**The data**.
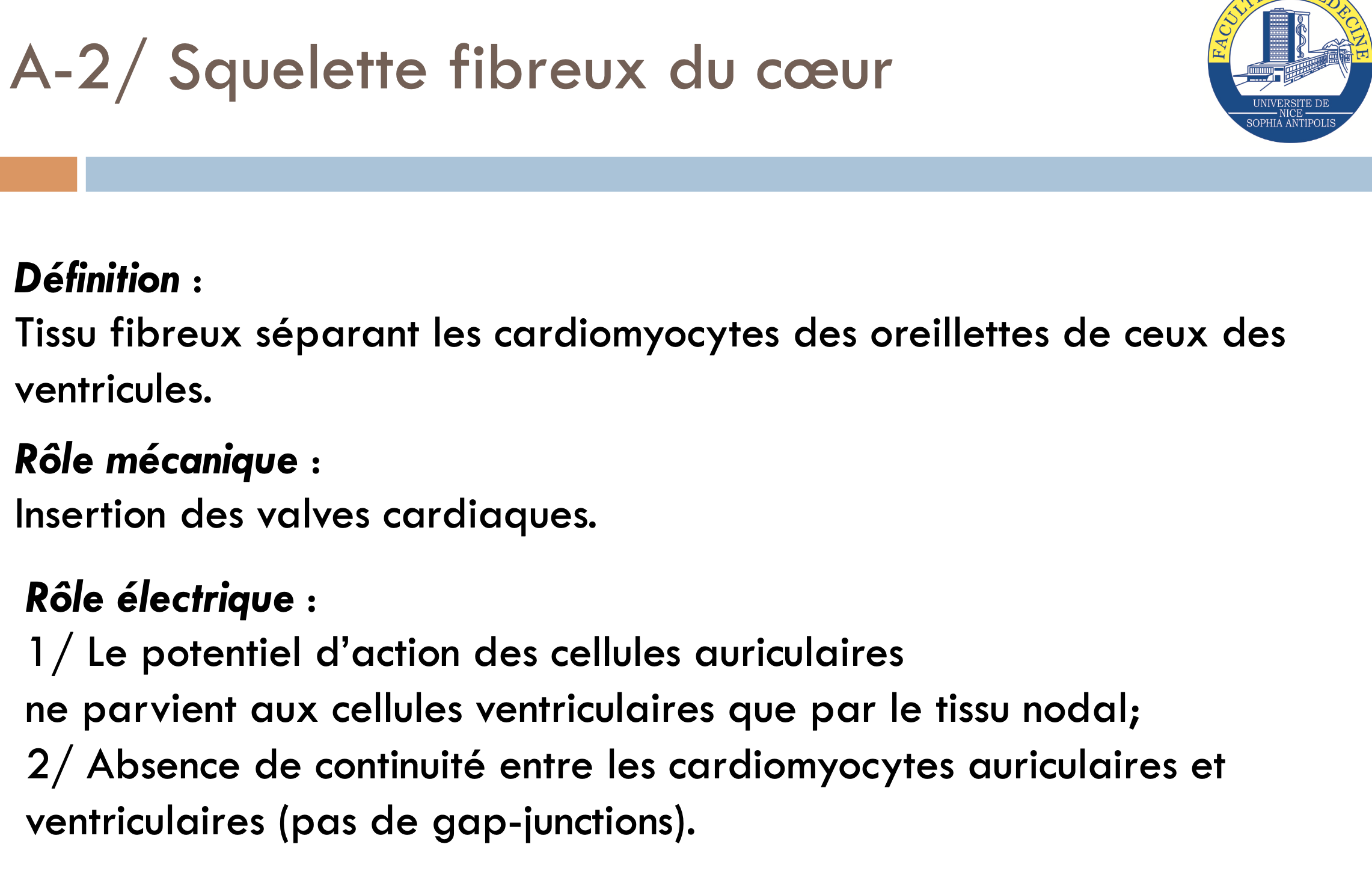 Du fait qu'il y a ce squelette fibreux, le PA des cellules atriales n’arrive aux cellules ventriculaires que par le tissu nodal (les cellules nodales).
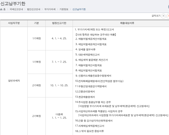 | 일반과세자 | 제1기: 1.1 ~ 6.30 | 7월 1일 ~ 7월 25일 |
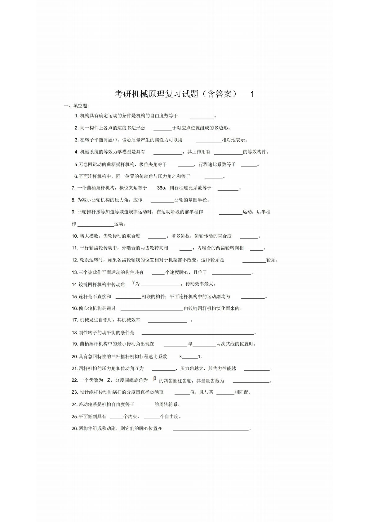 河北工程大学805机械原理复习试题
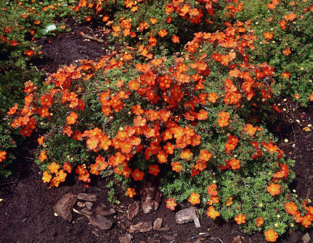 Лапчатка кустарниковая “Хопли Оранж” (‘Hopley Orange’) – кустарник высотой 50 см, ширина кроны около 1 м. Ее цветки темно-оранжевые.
---
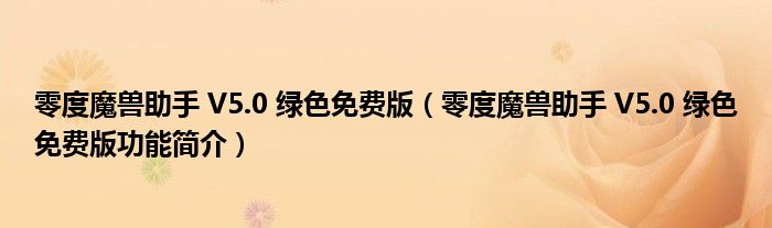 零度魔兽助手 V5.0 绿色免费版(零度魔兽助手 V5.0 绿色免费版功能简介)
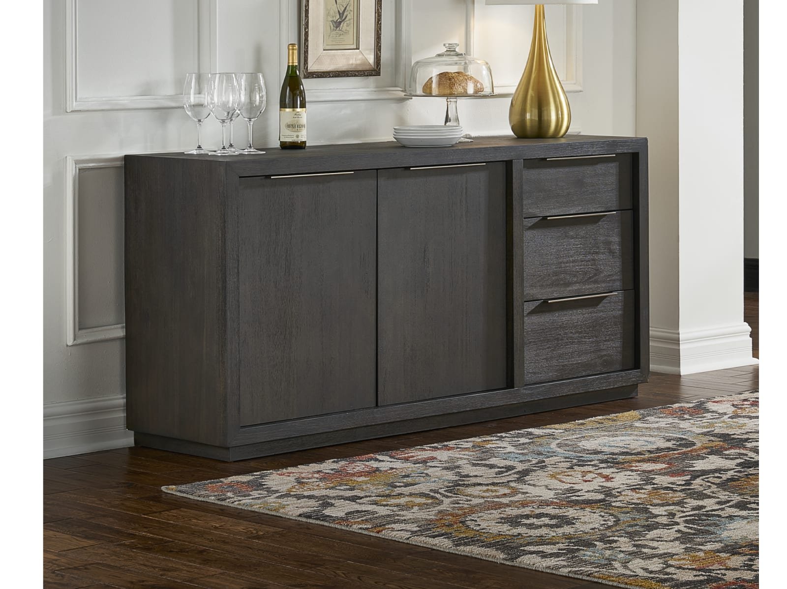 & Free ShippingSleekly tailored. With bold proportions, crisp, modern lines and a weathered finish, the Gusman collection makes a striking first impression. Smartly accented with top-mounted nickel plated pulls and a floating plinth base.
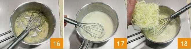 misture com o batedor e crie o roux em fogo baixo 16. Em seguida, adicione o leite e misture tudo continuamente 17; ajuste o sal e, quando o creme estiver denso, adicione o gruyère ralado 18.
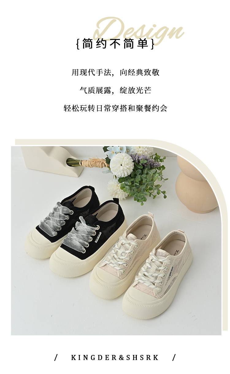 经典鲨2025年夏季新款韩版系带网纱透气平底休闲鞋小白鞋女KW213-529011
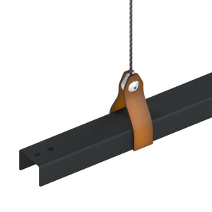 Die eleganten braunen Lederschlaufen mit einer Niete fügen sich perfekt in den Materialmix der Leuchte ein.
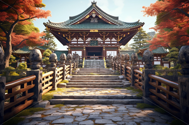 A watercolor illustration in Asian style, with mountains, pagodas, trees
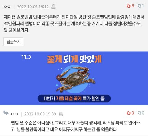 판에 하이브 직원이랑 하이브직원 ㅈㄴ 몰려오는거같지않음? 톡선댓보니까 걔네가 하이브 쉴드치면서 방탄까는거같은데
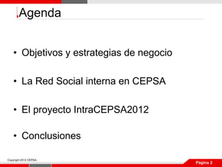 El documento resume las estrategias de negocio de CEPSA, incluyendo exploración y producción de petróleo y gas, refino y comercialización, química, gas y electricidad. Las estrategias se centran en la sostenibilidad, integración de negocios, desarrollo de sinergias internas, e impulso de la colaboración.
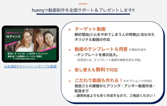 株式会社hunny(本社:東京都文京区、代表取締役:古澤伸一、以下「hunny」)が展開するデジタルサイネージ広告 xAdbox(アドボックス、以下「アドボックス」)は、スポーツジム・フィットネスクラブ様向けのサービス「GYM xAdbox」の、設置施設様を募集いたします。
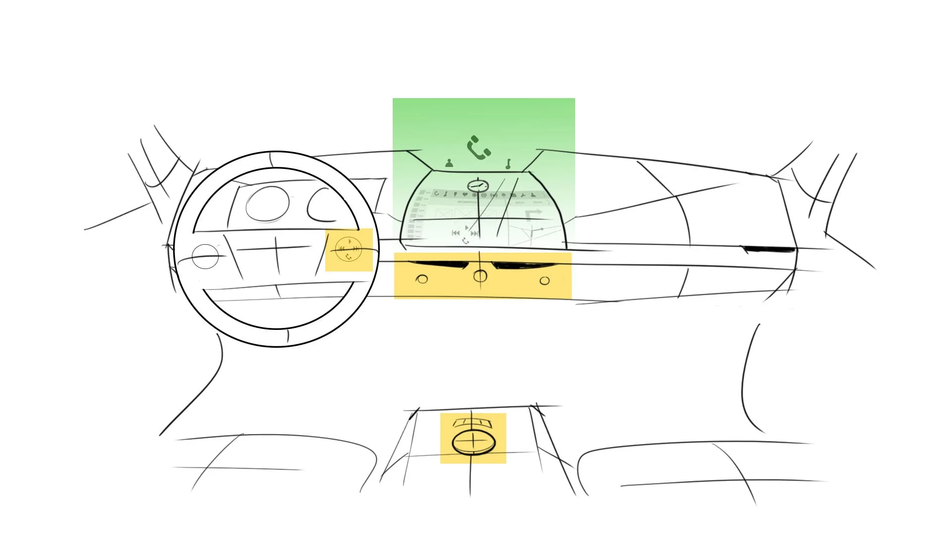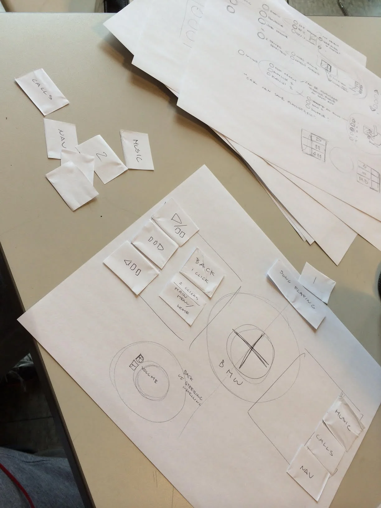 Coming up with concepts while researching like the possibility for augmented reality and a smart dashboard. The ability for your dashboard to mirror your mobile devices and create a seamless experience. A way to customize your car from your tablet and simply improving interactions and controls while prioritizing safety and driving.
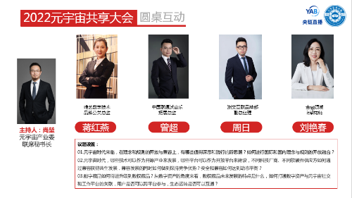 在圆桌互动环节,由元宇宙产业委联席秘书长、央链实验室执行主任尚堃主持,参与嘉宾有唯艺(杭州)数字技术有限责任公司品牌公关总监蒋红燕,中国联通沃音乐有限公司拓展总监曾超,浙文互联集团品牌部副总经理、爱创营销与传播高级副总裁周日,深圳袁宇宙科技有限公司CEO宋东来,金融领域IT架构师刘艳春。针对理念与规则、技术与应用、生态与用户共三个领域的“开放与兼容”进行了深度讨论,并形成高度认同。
---
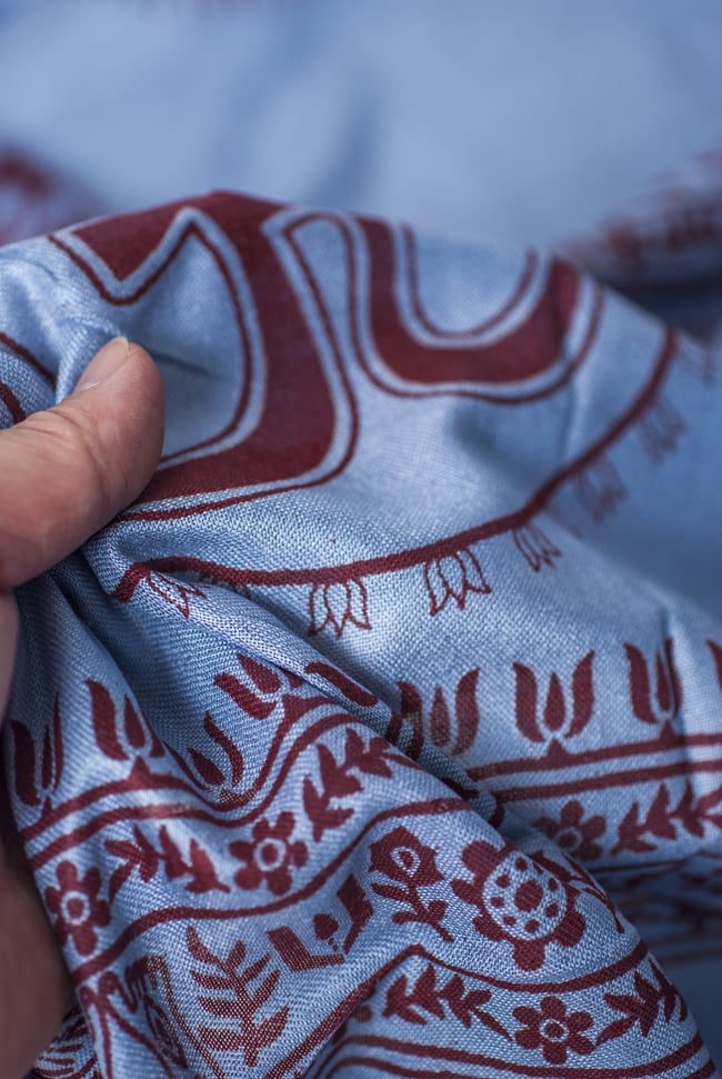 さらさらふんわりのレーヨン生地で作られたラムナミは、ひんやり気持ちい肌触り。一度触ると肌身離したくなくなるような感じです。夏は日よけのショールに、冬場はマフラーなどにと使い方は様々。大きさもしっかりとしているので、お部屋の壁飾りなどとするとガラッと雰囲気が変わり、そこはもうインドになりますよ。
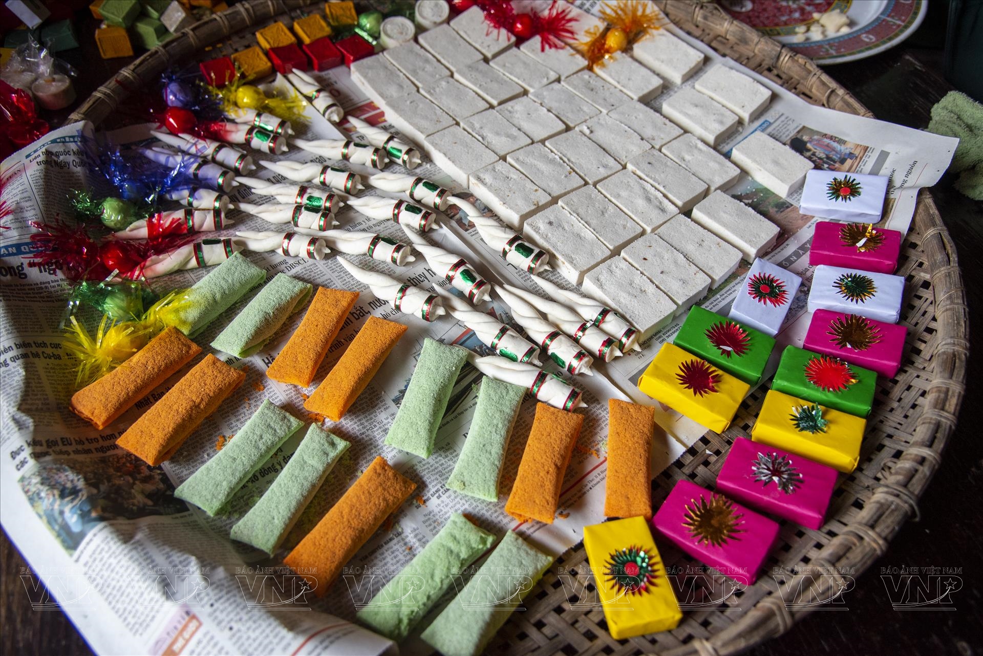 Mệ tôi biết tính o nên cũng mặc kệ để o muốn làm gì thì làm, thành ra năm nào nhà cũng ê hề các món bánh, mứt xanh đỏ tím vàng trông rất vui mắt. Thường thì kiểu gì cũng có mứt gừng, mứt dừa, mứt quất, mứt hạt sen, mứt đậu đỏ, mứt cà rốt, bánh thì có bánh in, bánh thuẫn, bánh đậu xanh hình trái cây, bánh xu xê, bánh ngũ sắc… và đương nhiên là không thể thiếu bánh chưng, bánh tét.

**What to work on**. Nothing but the lines above from the one that has "Du fait qu'il" down to the one that has "Ее цветки темно-оранжевые." belongs in the answer, copied exactly, without pictures.

**Result of this task**.
 Du fait qu'il y a ce squelette fibreux, le PA des cellules atriales n’arrive aux cellules ventriculaires que par le tissu nodal (les cellules nodales).
 | 일반과세자 | 제1기: 1.1 ~ 6.30 | 7월 1일 ~ 7월 25일 |
 河北工程大学805机械原理复习试题
 Лапчатка кустарниковая “Хопли Оранж” (‘Hopley Orange’) – кустарник высотой 50 см, ширина кроны около 1 м. Ее цветки темно-оранжевые.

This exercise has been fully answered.